→ Work request
Pictures appear among the records below and must be omitted. Repeat exactly the lines from the line with "0度を下回る予報の日は、毎週" to the line with "Sky Stage temporarily", both included.

→ Recorded information
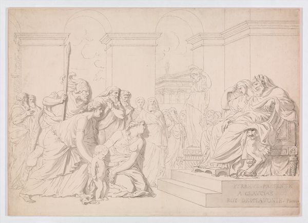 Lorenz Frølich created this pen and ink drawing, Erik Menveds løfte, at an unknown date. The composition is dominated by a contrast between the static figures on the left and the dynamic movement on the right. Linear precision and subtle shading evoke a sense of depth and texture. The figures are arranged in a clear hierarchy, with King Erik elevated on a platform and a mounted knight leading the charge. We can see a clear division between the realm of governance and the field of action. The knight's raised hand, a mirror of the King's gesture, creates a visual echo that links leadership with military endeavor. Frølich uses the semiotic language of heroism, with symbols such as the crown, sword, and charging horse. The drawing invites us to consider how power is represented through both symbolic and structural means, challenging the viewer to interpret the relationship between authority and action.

...

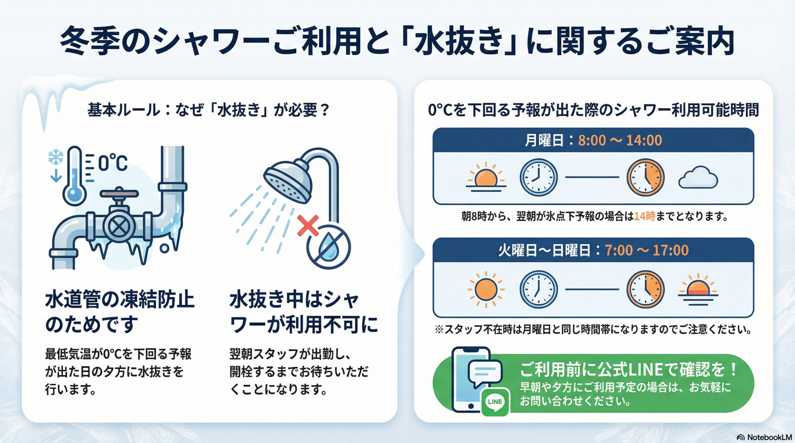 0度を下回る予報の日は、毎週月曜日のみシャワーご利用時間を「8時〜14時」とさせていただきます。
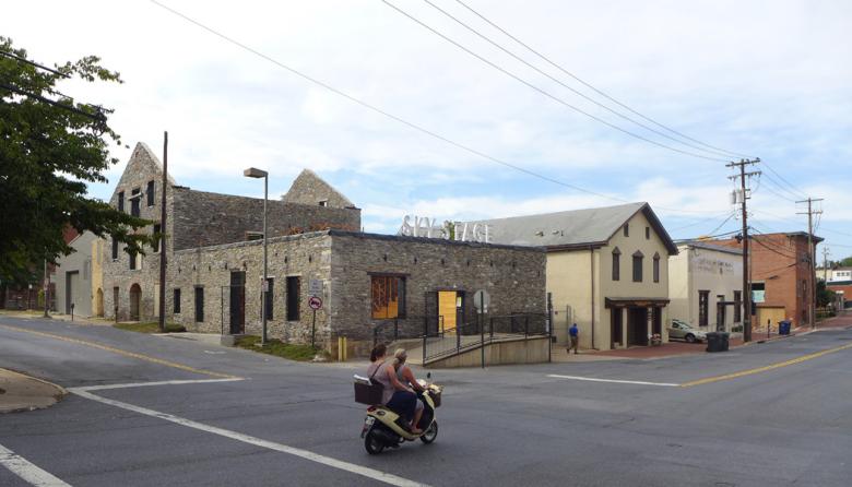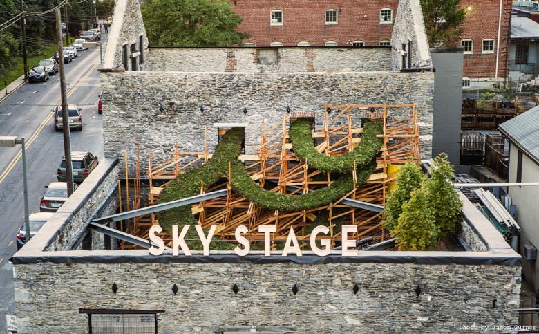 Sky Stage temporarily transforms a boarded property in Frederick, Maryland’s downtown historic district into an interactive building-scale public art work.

→ Response area
 0度を下回る予報の日は、毎週月曜日のみシャワーご利用時間を「8時〜14時」とさせていただきます。
 Sky Stage temporarily transforms a boarded property in Frederick, Maryland’s downtown historic district into an interactive building-scale public art work.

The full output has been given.